[Given data]:
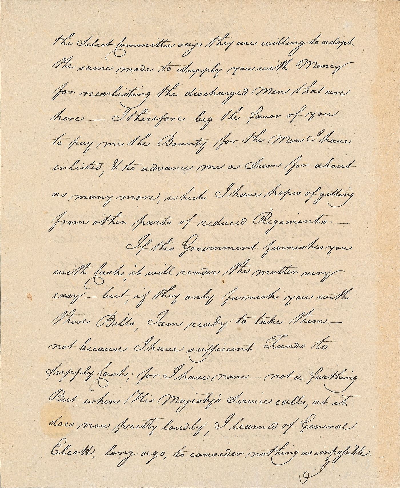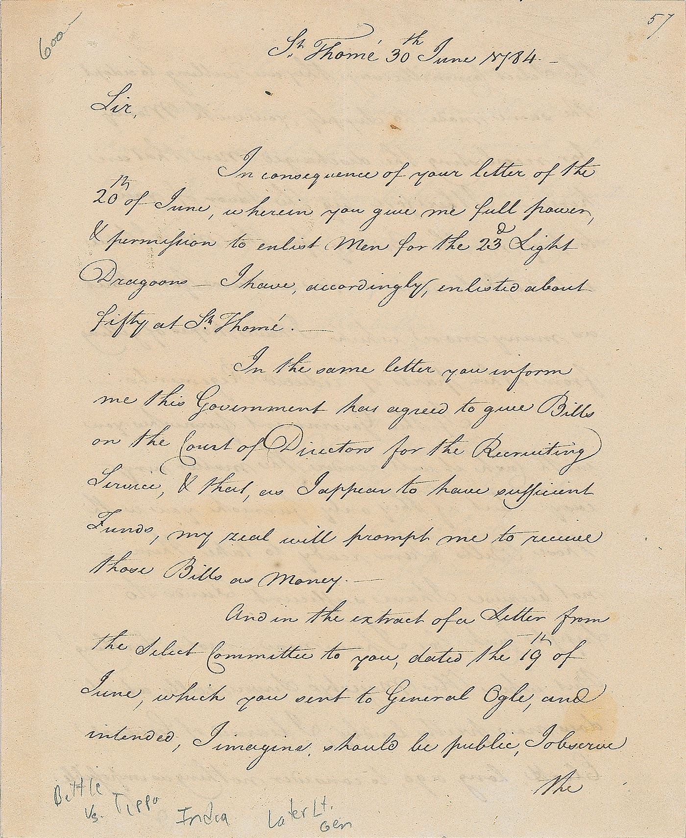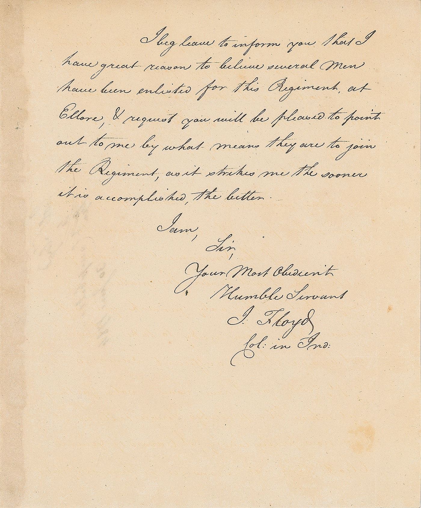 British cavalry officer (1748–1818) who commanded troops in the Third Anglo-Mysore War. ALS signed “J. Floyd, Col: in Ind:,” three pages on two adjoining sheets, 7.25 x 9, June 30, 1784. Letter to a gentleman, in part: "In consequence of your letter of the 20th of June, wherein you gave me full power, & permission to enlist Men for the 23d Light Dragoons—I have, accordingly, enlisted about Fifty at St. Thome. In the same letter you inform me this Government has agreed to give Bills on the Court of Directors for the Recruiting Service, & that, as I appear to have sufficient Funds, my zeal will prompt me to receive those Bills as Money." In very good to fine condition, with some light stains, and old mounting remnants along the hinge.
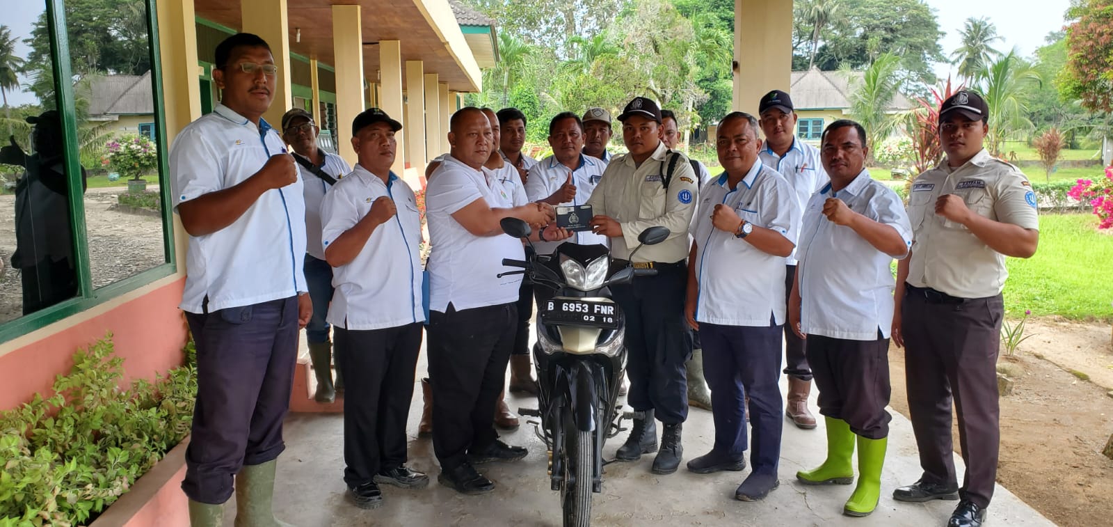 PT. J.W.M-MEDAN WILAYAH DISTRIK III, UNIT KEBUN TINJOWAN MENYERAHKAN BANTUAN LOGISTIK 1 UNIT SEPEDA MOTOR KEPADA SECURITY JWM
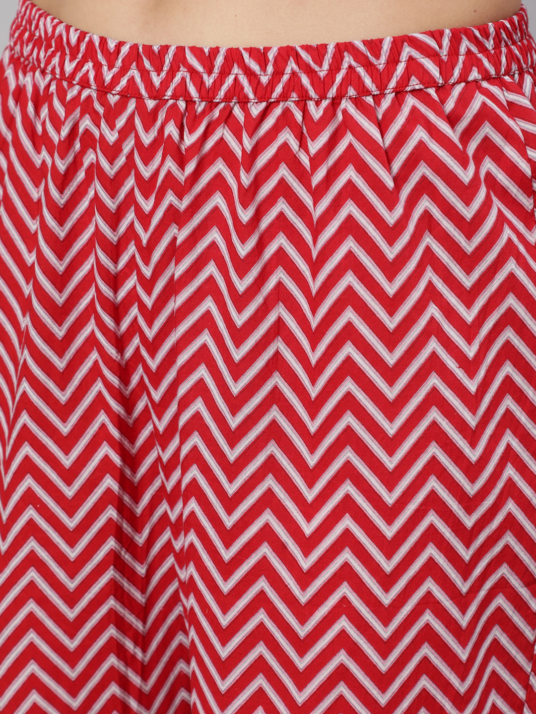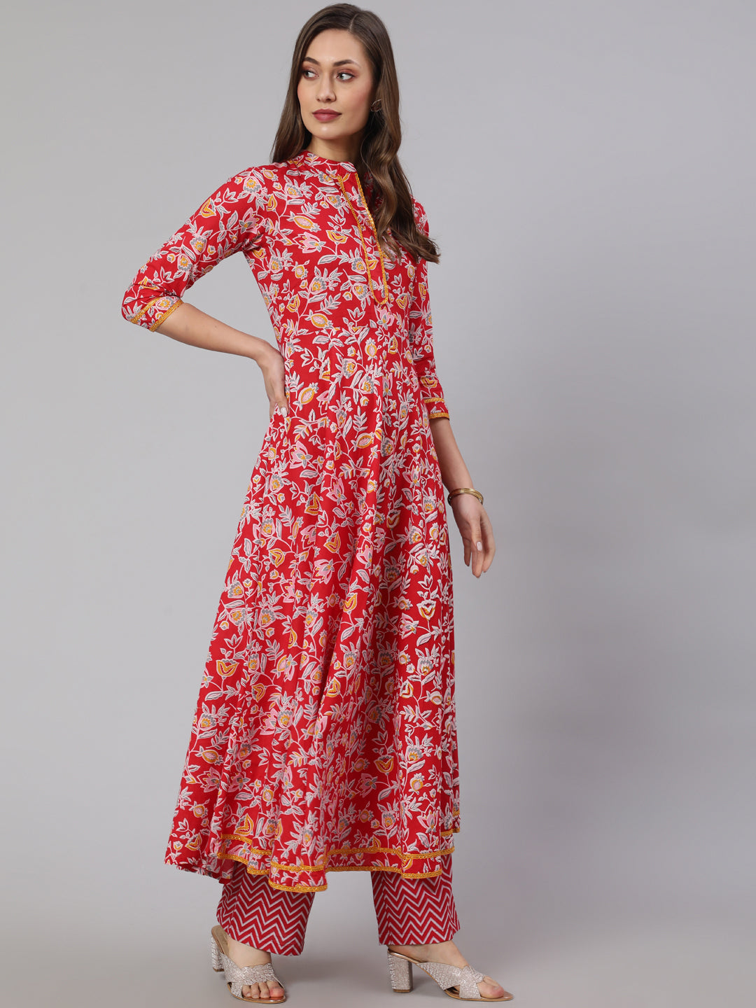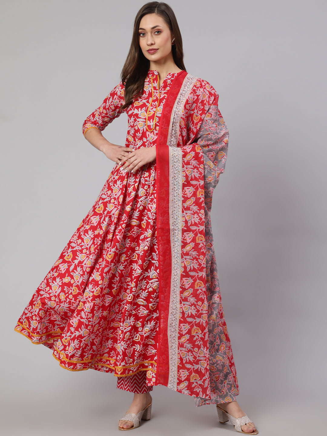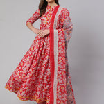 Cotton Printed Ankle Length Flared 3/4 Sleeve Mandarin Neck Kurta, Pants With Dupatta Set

[Task directions]: Print the data again word for word, pictures excluded.

[Solution to this task]:
 British cavalry officer (1748–1818) who commanded troops in the Third Anglo-Mysore War. ALS signed “J. Floyd, Col: in Ind:,” three pages on two adjoining sheets, 7.25 x 9, June 30, 1784. Letter to a gentleman, in part: "In consequence of your letter of the 20th of June, wherein you gave me full power, & permission to enlist Men for the 23d Light Dragoons—I have, accordingly, enlisted about Fifty at St. Thome. In the same letter you inform me this Government has agreed to give Bills on the Court of Directors for the Recruiting Service, & that, as I appear to have sufficient Funds, my zeal will prompt me to receive those Bills as Money." In very good to fine condition, with some light stains, and old mounting remnants along the hinge.
 PT. J.W.M-MEDAN WILAYAH DISTRIK III, UNIT KEBUN TINJOWAN MENYERAHKAN BANTUAN LOGISTIK 1 UNIT SEPEDA MOTOR KEPADA SECURITY JWM
 Cotton Printed Ankle Length Flared 3/4 Sleeve Mandarin Neck Kurta, Pants With Dupatta Set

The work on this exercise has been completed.